Media and growth conditions.

For routine experiments, Luria-Bertani (LB) medium (22) and glucose (Glu)-minimal A medium (22) were used as the nutrient and defined media, respectively, and the incubation temperature for growth was 37°C. MacConkey lactose agar was obtained from Difco. Cultures for β-galactosidase assays were incubated with shaking (i) until mid-exponential phase (A₆₀₀ of 0.4 to 0.8) or until 1 h after entry into stationary phase; (ii) at 30 or 10°C; and (iii) in LB medium or low-osmolarity K-tryptone medium (27), the latter supplemented when necessary with NaCl to 0.3 M. Unless otherwise indicated, Ara induction experiments (11) were performed by supplementation of the growth medium with 0.2% Ara (or 0.2% Glu, as a control). Concentrations of antibiotics used were as described earlier (20).

Immunoblot analysis.

The procedures used for electrophoresis of cell extracts on 10% polyacrylamide gels with sodium dodecyl sulfate, electroblotting to a polyvinylidene difluoride membrane, staining with Ponceau S, and sequential treatments with blocking reagent, primary antibody, alkaline phosphatase-conjugated secondary antibody, and chromogenic substrates were essentially as previously described (32). As part of the protocol, 2.5 μl of rabbit anti-σ^S antiserum (kindly provided by Regine Hengge-Aronis) was preadsorbed at 4°C overnight with 1 ml of a sonicated cell extract (containing approximately 2 mg of protein) of either the rpoS::Tn10 strain RH90 or the ΔrpoS strain RH100 in 50 mM Tris-Cl buffer (pH 8) containing 1 mM each EDTA and phenylmethylsulfonyl fluoride; following centrifugation at 12,000 × g for 20 min at 4°C, the supernatant was recovered and used in a total volume of 10 ml as the primary antibody preparation.

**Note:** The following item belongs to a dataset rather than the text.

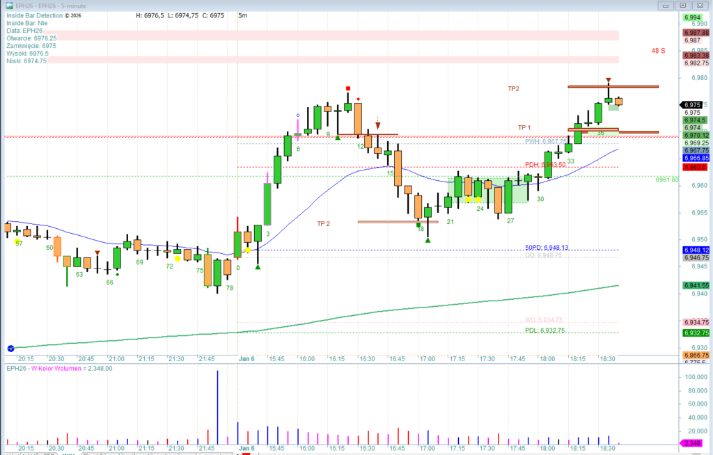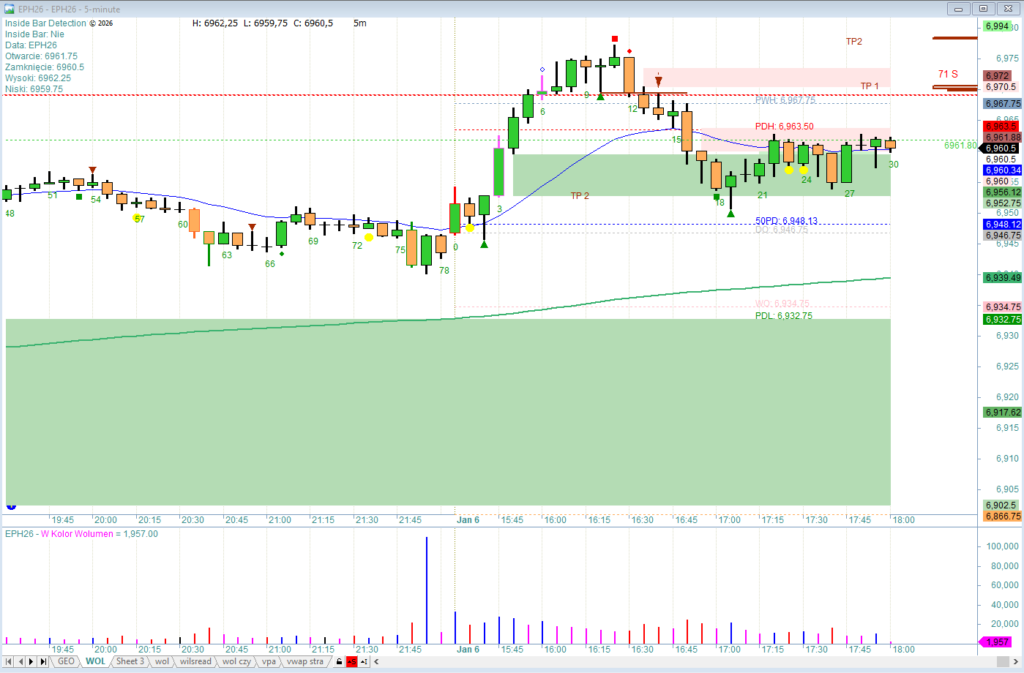 - ✅ Wpisanie w pozycję: 2 mini kontrakty na poziomie 6961 (Trading Range)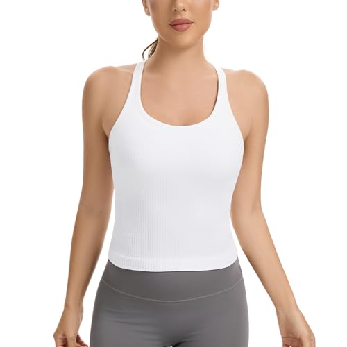 Danysu V Neck Racerback Tank Top for Women Padded Ribbed Long Tank Fitted Basic Cami Tops

Other experimental techniques.

The procedures used for phage P1 transduction (8), transposon tagging with Tn10dCm and genetic mapping (22), and experiments involving DNA manipulations (32) were as described previously. Three primers, 5′-GAACCAGTTCAACACGCT-3′, 5′-ACCGAGGTAATGCGCTCGT-3′, and 5′-CCGATGGGCATCGAC-3′, which were specific, respectively, for the 5′ end, the middle, and the 3′ end of rpoS, were used for PCR amplification and DNA sequence determination of the rpoS locus. β-Galactosidase assays were performed by the method of Miller (22); enzyme specific activity values are reported in Miller units.

RESULTS

An rpoS::IS10 insertion mutant with rho-modulated σ^S activity in vivo.

It was shown earlier that the P1 promoter of the E. coli proU operon is σ^S regulated both in vivo and in vitro (20, 27-29); its in vivo activity (for example, in a wild-type strain such as GJ862) (Table 2) can be assayed by using plasmid pHYD275, which is a very-low-copy-number replicon that carries P1 upstream of the lacZ reporter gene (4). The starting point for this study were the unexpected observations (Table 2) that lac expression from pHYD275 was abolished in one of our laboratory strains, GJ829, but that it was restored in an isogenic derivative, GJ830, that was defective in the rho gene (encoding the transcription termination factor Rho; for a review, see reference 31). The rho mutation had little effect in a wild-type strain (Table 2, compare values for GJ862 and GJ863; see also reference [27]). An rpoS::Tn10 derivative of GJ830 was also negative for pHYD275-driven lac expression (data not shown), indicating that the rho mutation acted specifically and in a σ^S-dependent manner to restore proU P1-lac expression in GJ829.

TABLE 2.

Effect of rpoS-rho interaction on proU P1-lac expression^a

Strain	Genotype	β-Galactosidase sp act with the following plasmid and conditions:
		pHYD275 (E. coli P1-lac)			pHYD373 (S. enterica P1-lac)
		No NaCl, 30°C	NaCl, 30°C	No NaCl, 10°C	No NaCl, 30°C	NaCl, 30°C	No NaCl, 10°C
GJ862	rpoS+rho+	63	275	962	4	4	54
GJ863	rpoS+rho	126	322	885	51	69	463
GJ829	rpoS::IS10 rho+	7	14	56	1	2	2
GJ830	rpoS::IS10 rho	157	467	1,360	26	104	849

^aCultures were grown to mid-exponential phase in trimethoprim-supplemented K-tryptone medium without or with 0.3 M NaCl at 30 or 10°C for β-galactosidase assays. Enzyme specific activities are reported in Miller units (22).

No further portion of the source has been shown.